Dr. Lamb met her eyes. Pinching it between thumb and index finger, she dropped it in the wastebasket.
“It is nothing worth worrying about,” she said. “I will see you tomorrow.”
**
Dr. Lamb stepped through the front door, a bag of groceries in one arm. Almost as soon as she did, Eleanor bowled into her.
“Eleanor,” she said, “what did I tell you about…”
“Mum!” said Eleanor, flapping up a newspaper. “Do you know Johnny Topside?”
“I… Eleanor, do not change the topic,” she said. “Remember, exce…”
“Excessive-emotion-clouds-logic-yes-I-know-but-do-you-know-Johnny-Topside?” Eleanor jumped up, held the newspaper straight out.
Dr. Lamb frowned, took it out of her hand. It was a full-page ad. A man, frowning, staring down as if in thought; his stance wide open, like someone poised for a fight; cigarette clamped between index and middle fingers, a stream of smoke floating up; jacket flared open, thumb smearing something dark from his lip. Behind him, the slouching humps of Neptune’s Bounty.
“It’s Always Time for Nico-Time!” said the copy.
“That’s Johnny Topside,” said Eleanor, and stared at her expectantly.
Dr. Lamb lowered the paper, squinting down at her daughter like she had just been given a toad.
“Why are you showing me this picture?” she asked slowly.
“Do you know him?” asked Eleanor. “Did you meet him in Japan?”
“Of course not,” said Dr. Lamb. “Why, he was probably…” She looked at the ad again. “He might have only been in his teens at that time. Oh, Eleanor. We were at war, and Japan was not a friendly place to outsiders. Why on Earth would you ask such a thing?”
Eleanor’s smile fell. “I just… I just thought…”
“Did he give an interview?” Dr. Lamb paled. “Is Ryan trying to connect us?” She flipped the paper closed, glanced over the front page.

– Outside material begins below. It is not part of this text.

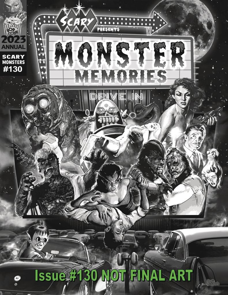 Scary Monsters' 'Monster Memories' issue puts the scary spotlight on drive-in movie theaters, which customarily featured low-budget horror, sci-fi, and fantasy movies enjoyed by Monster Boomers and Monster Kids from coast to coast. We'll also return to the Cosmic Drive-In; get the scary facts behind the murderous pair Burke & Hare; remember masters of dark cinema Wes Craven, Tobe Hooper, and George Romero; and much more!
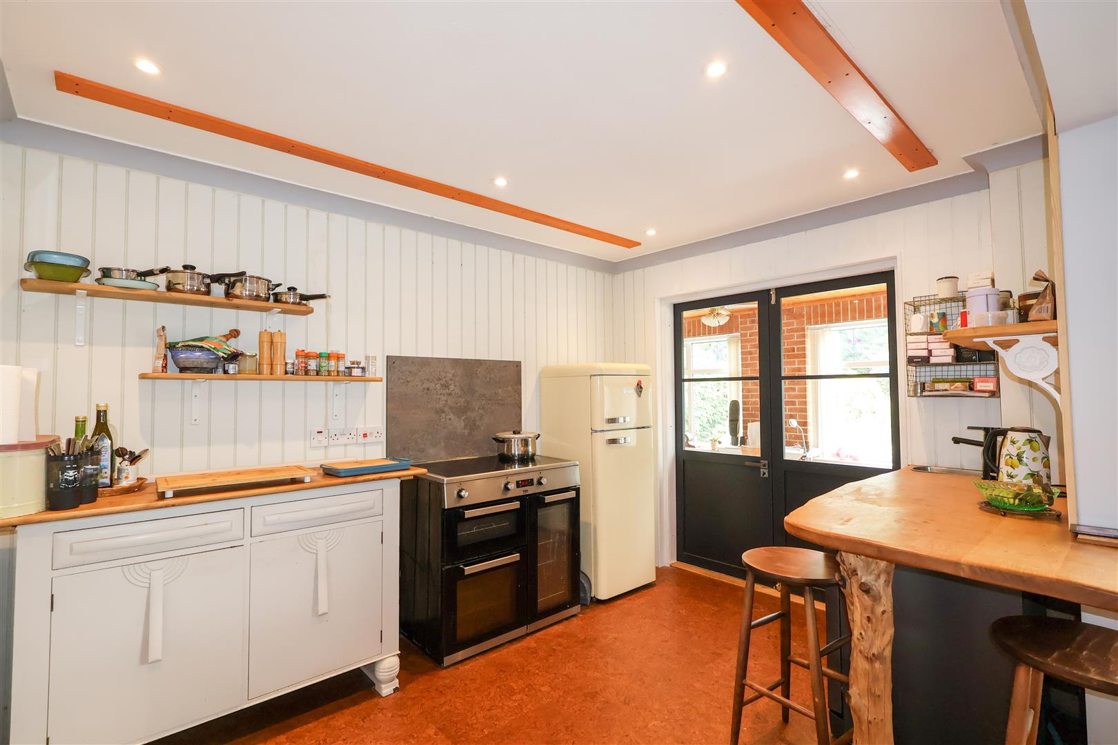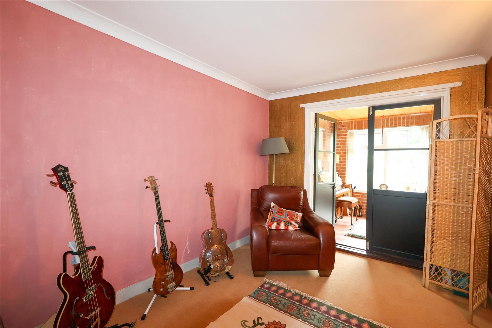On the ground floor the main entrance door leads into the spacious entrance hall, with stairs rising to the first floor. Wood flooring flows from the hallway, through double doors, into the good size living room, fitted with a stylish fireplace and multifuel stove. The living space leads open plan into the dining room and through double doors into the solid roof garden room, a lovely light and airy space, with a triple aspect, tiled floor and side access door. Glazed double doors leads to the breakfast kitchen, which has also undergone a revamp and comes fitted with a range of units and breakfast bar. There is an understairs cupboard and access to the single garage. To the first floor there is a landing with loft access and airing cupboard, four bedrooms (two with fitted storage) and the house bathroom, which comes part tiled and fitted with a modern white suite. The house is double glazed and electric heating is in place.

“N-no,” Eleanor said, twisting her hands. “I just thought maybe you…”
She leaned against the wall, took her glasses off, rubbed her forehead. “Oh, Eleanor. I…”
For a moment, both of them stood very quietly. Far away, a minute hand ticked. Dr. Lamb pushed the heel of her hand into one eye, then the other.
No, no, she could not. She would not.
She took a deep and shuddering breath.
“Today was very difficult for me, Eleanor,” she said at last. “I know better than to give in to emotional excess.”
“It’s okay,” Eleanor said solemnly, wrapping her arms around Dr. Lamb’s legs. “You’re only human.”
Dr. Lamb laughed. It was a colorless fluttering sound. Eleanor gazed up and laughed with her as loudly as she could.